NORTH KOREA: UN-mandated human rights inquiry documents 'widespread, systematic abuses'

[18 February 2014] - 
 
A grim array of human rights abuses, driven by “policies established at the highest level of State,” have been and continue to be committed in the Democratic People's Republic of Korea (DPRK), according to a United Nations-mandated report released today, which also calls for urgent action to address the rights situation in the country, including referral to the International Criminal Court (ICC).
 
In a 400-page set of linked reports and supporting documents, culled from first-hand testimony from victims and witnesses, the United Nations Commission of Inquiry on human rights in the Democratic People's Republic of Korea has documented in great detail the “unspeakable atrocities” committed in the country, says a press release from the Geneva-based body.
 
“The gravity, scale and nature of these violations reveal a State that does not have any parallel in the contemporary world,” the Commission – established by the Human Rights Council in March 2013 – says in the report, which is unprecedented in scope.
 
It finds that, since 1950, the “State's violence has been externalized through State-sponsored abductions and enforced disappearances of people from other nations.

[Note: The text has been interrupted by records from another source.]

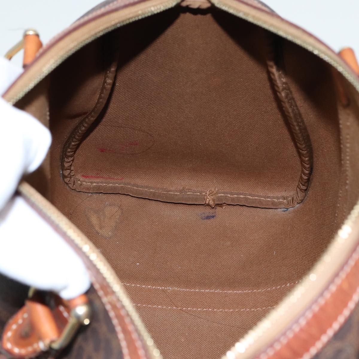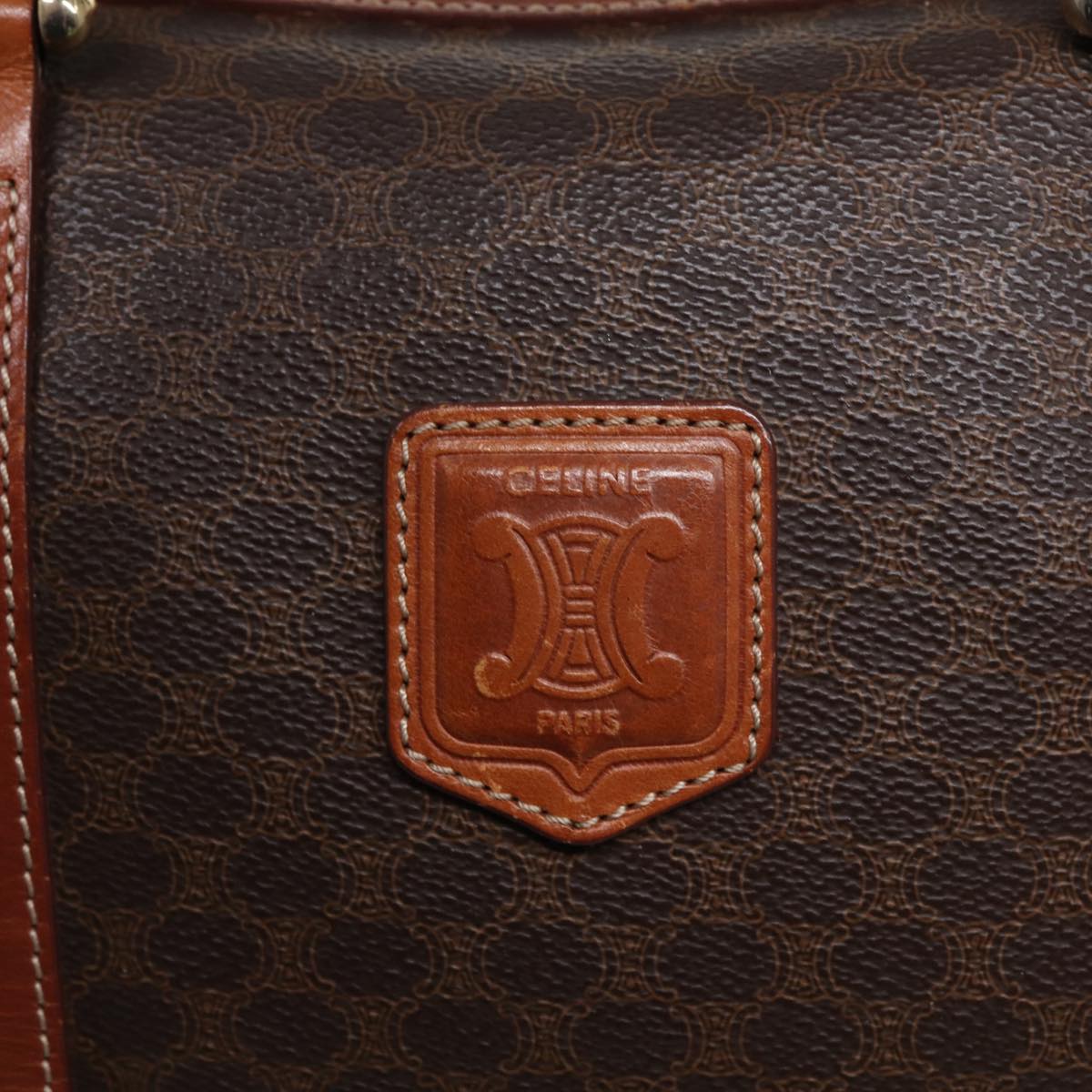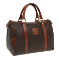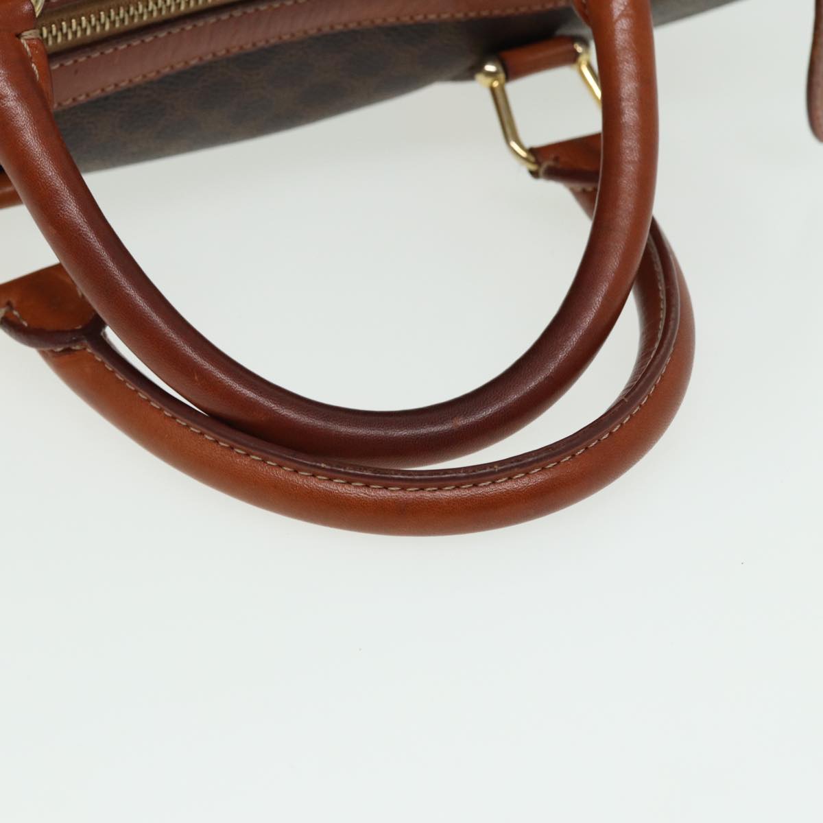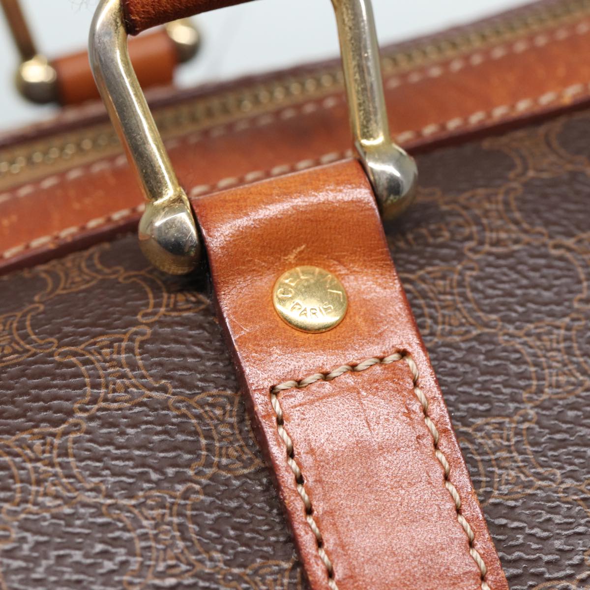 CELINE Macadam Canvas Boston Bag PVC Leather Brown Auth 81440
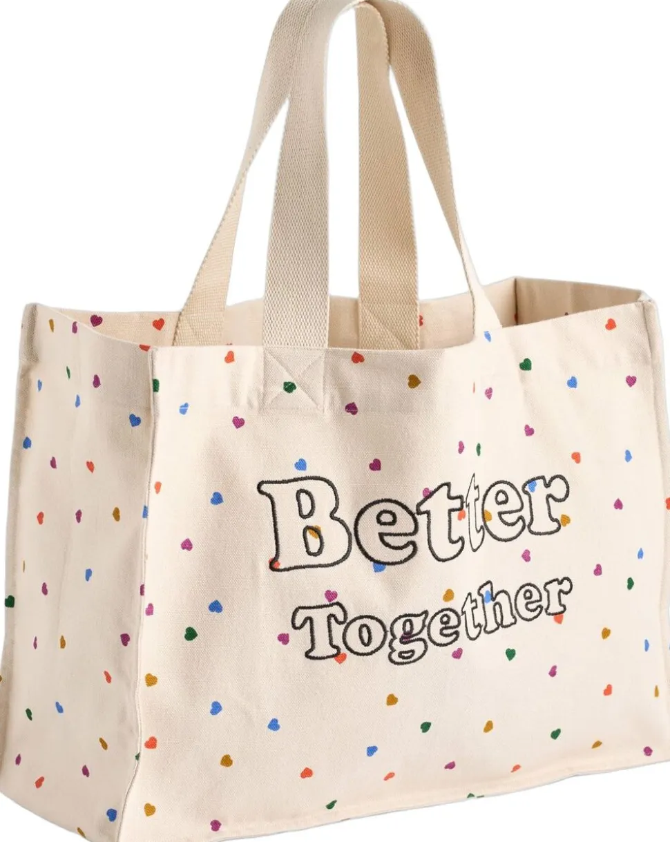 Tote bag i ubleget bomuld med et farverigt hjerte- og tekstprint, perfekt til hverdagens eventyr. Denne alsidige taske måler 38 cm i bredden og 28 cm i højden, hvilket gør den ideel til opbevaring af bøger, legesager eller snacks. Designet med komfort i tankerne, sikrer den nem bæring, mens den tilfører et legende præg til ethvert outfit.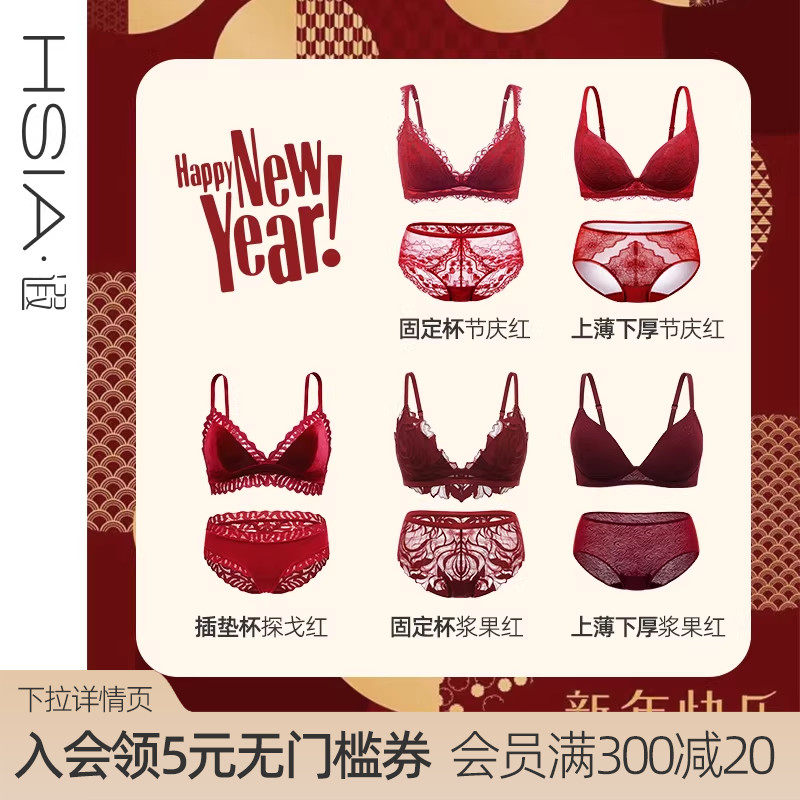 遐中小胸无钢圈聚拢文胸送礼本命年新娘结婚红色内衣内裤套装女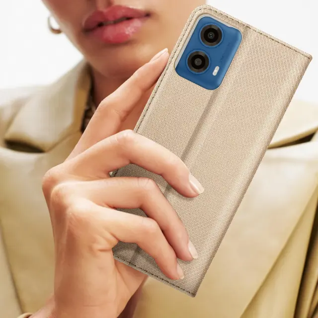 Torbica s preklopom za Motorola Moto G34 5G Zaklopka za podporo videoposnetkov, Zlata

These international enforced disappearances are unique in their intensity, scale and nature.”
 
With a one-year mandate, the Commission was tasked with investigating several alleged violations, including those concerning the right to food and those associated with prison camps; torture and inhuman treatment; arbitrary detention; discrimination; freedom of expression, movement and religion; the right to life; and enforced disappearances, including abductions of nationals to other countries.
 
Along with its chairman, Michael Kirby, a retired judge from Australia, the panel comprises Sonja Biserko, founder and president of the Helsinki Committee for Human Rights in Serbia, and Marzuki Darusman, former Attorney General of Indonesia and the current UN Special Rapporteur on the situation of human rights in DPRK. The were expected to brief the press from Geneva on 17 February.
 
Describing crimes such as “extermination, murder, enslavement, torture, imprisonment, rape, forced abortions and other sexual violence, persecution on political, religious, racial and gender grounds, forcible transfer of populations, enforced disappearance and the inhumane act of knowingly causing prolonged starvation,” the report adds: “Crimes against humanity are ongoing in the [DPRK] because the policies, institutions and patterns of impunity that lie at their heart remain in place.”
 
The Commission found that the DPRK “displays many attributes of a totalitarian State” and spotlights that there is “an almost complete denial of the right to freedom of thought, conscience and religion, as well as of the rights to freedom of opinion, expression, information and association,” and that propaganda is used by the State to manufacture absolute obedience to the Supreme Leader and to incite nationalistic hatred towards some other States and their nationals.
 
State surveillance permeates private lives and virtually no expression critical of the political system goes undetected – or unpunished, says the Commission, detailing that the key to the country's political system is the “vast political and security apparatus that strategically uses surveillance, coercion, fear and punishment to preclude the expression of any dissent.”
 
Military spending – predominantly on hardware and the development of weapons systems and the nuclear programme – has always been prioritized, even during periods of mass starvation, the report says. The State also maintains a system of inefficient economic production and discriminatory resource allocation that inevitably produces more avoidable starvation among its citizens.
 
Violations of the rights to food and to freedom of movement have resulted in women and girls becoming vulnerable to trafficking and forced sex work outside the DPRK. Many take the risk of fleeing, mainly to China, despite the high chance that they will be apprehended and forcibly repatriated, then subjected to persecution, torture, prolonged arbitrary detention and, in some cases sexual violence.
 
“Repatriated women who are pregnant are regularly subjected to forced abortions, and babies born to repatriated women are often killed,” the report states.
 
While the Government did not respond to requests for access to the DPRK and for information, the Commission obtained first-hand testimony through public hearings with about 80 witnesses in Seoul, Tokyo, London and Washington D.C., and more than 240 confidential interviews with victims and other witnesses, including in Bangkok. Eighty formal submissions were also received from different entities.
 
The report includes a letter sent by the Commissioners to the Supreme Leader, Kim Jong-un, containing a summary of the systematic, widespread and gross human rights violations that “entail crimes against humanity.”
 
The letter states that the three-member panel would recommend referral of the situation in the DPRK to the International Criminal Court “to render accountable all those, including possibly yourself, who may be responsible for the crimes against humanity referred to in this letter and in the Commission's report.”
 
Among wide-ranging recommendations to the DPRK, to China and other States, and to the international community, the Commission calls on the UN Security Council to adopt targeted sanctions against those who appear to be most responsible for crimes against humanity, stressing that sanctions should not be targeted against the population or the economy as a whole.
 
The Commission is scheduled to formally present its findings to the Human Rights Council in Geneva on 17 March 2014.